- [TASK GOAL] Beneath this line sits some data. Return only its lines from the one holding "You just made" through the one holding "L'évolution du nombre", inclusive, exactly, with the images removed.

- [DATA EXCERPTS]

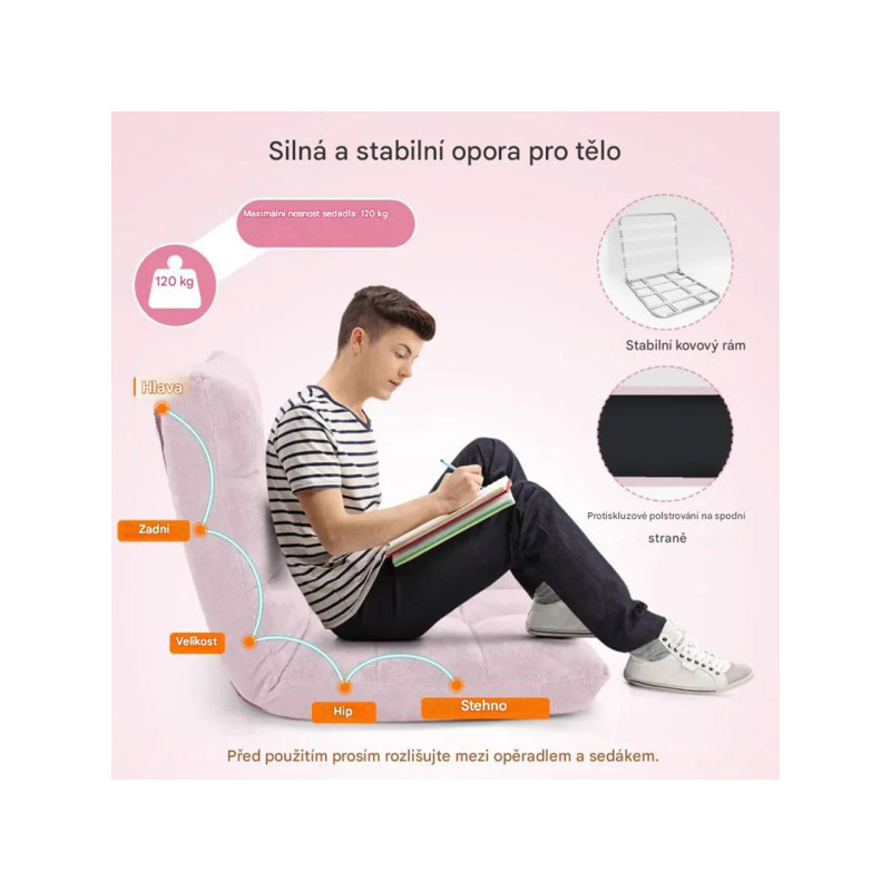Tato superlehká a snadno přenosná podlahová židle je ideální pro mnoho aktivit při sezení, jako je čtení, hraní, meditace atd. Díky nastavitelnému opěradlu podepřenému pevným kovovým rámem si můžete nastavit úhel sklonu a sedět v uvolněné poloze celé hodiny.
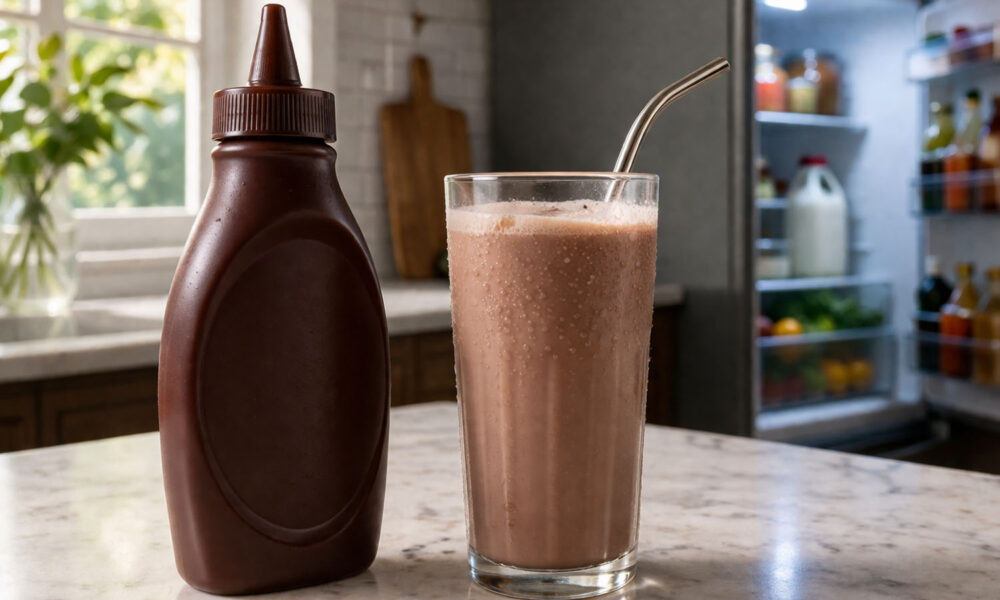 You just made chocolate milk and the bottle is sitting on the counter. Does it go back in the fridge or can it live in the...
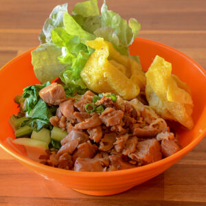 Boiled homemade egg noodles top up with chicken mushroom, chicken wontons and soup on the side
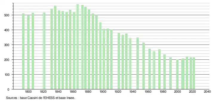 L'évolution du nombre d'habitants est connue à travers les recensements de la population effectués dans la commune depuis 1793. Pour les communes de moins de 10 000 habitants, une enquête de recensement portant sur toute la population est réalisée tous les cinq ans, les populations légales des années intermédiaires étant quant à elles estimées par interpolation ou extrapolation[18]. Pour la commune, le premier recensement exhaustif entrant dans le cadre du nouveau dispositif a été réalisé en 2007[19].
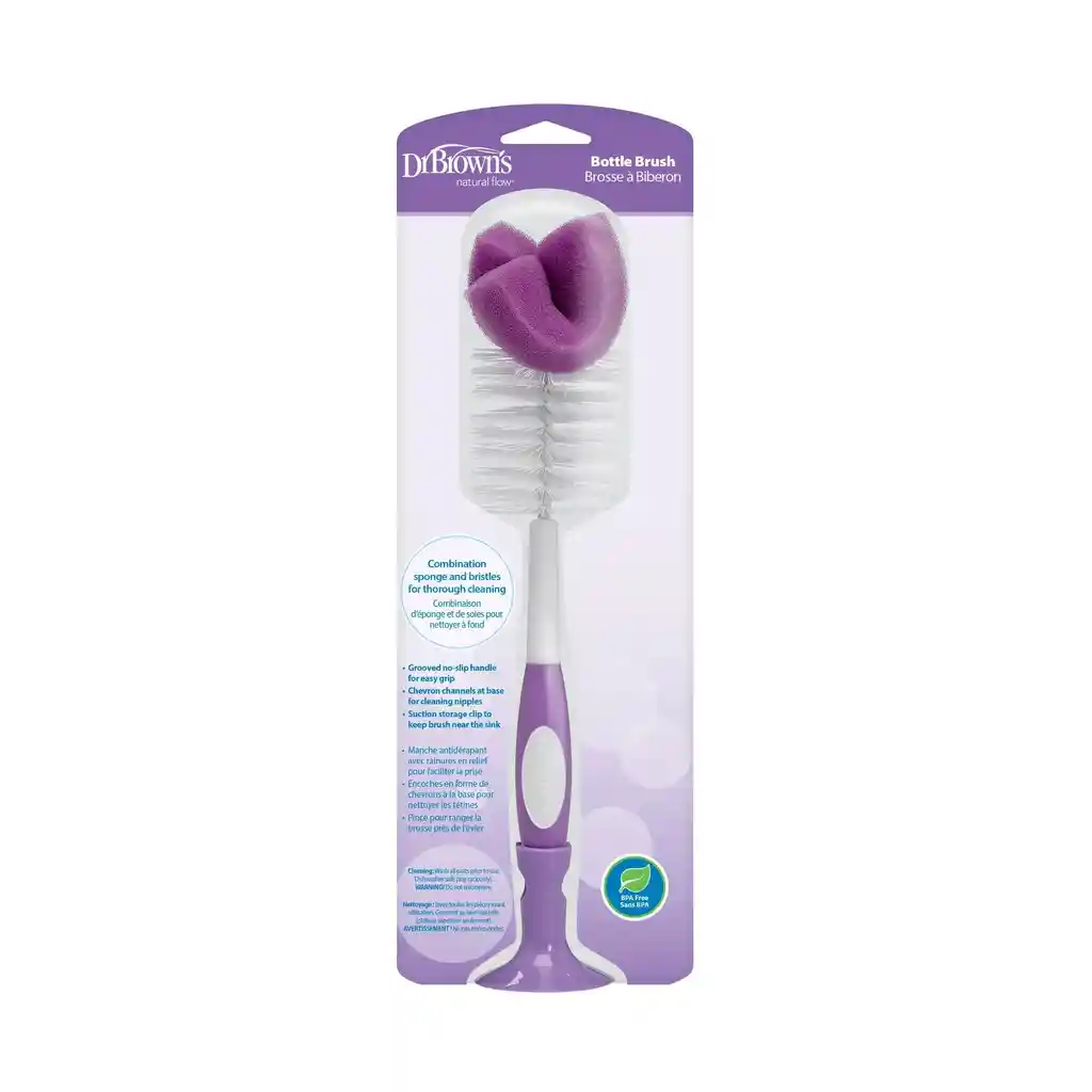 Cepillo Limpia Mamaderas Violeta Dr Brown's. Características: Combinación de esponja y cerdas para lograr una limpieza minuciosa. Mango ranurado antideslizante para un fácil agarre. Canales en V invertida en la base para limpiar las tetinas. Ventosa en la base para colocarlo cerca del lavaplatos. Sin BPA.
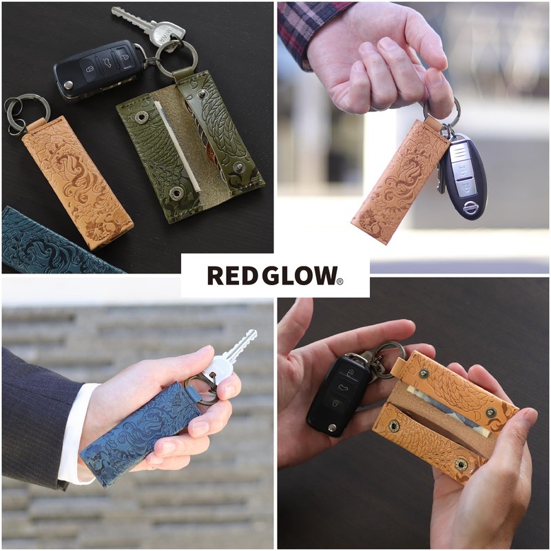Red Glow RG-006-B Phoenix Multi-Purpose Leather Keychain, Keycase with Key Ring and Mini Coin Wallet (Camel)

- [EXERCISE SOLUTION]
 You just made chocolate milk and the bottle is sitting on the counter. Does it go back in the fridge or can it live in the...
 Boiled homemade egg noodles top up with chicken mushroom, chicken wontons and soup on the side
 L'évolution du nombre d'habitants est connue à travers les recensements de la population effectués dans la commune depuis 1793. Pour les communes de moins de 10 000 habitants, une enquête de recensement portant sur toute la population est réalisée tous les cinq ans, les populations légales des années intermédiaires étant quant à elles estimées par interpolation ou extrapolation[18]. Pour la commune, le premier recensement exhaustif entrant dans le cadre du nouveau dispositif a été réalisé en 2007[19].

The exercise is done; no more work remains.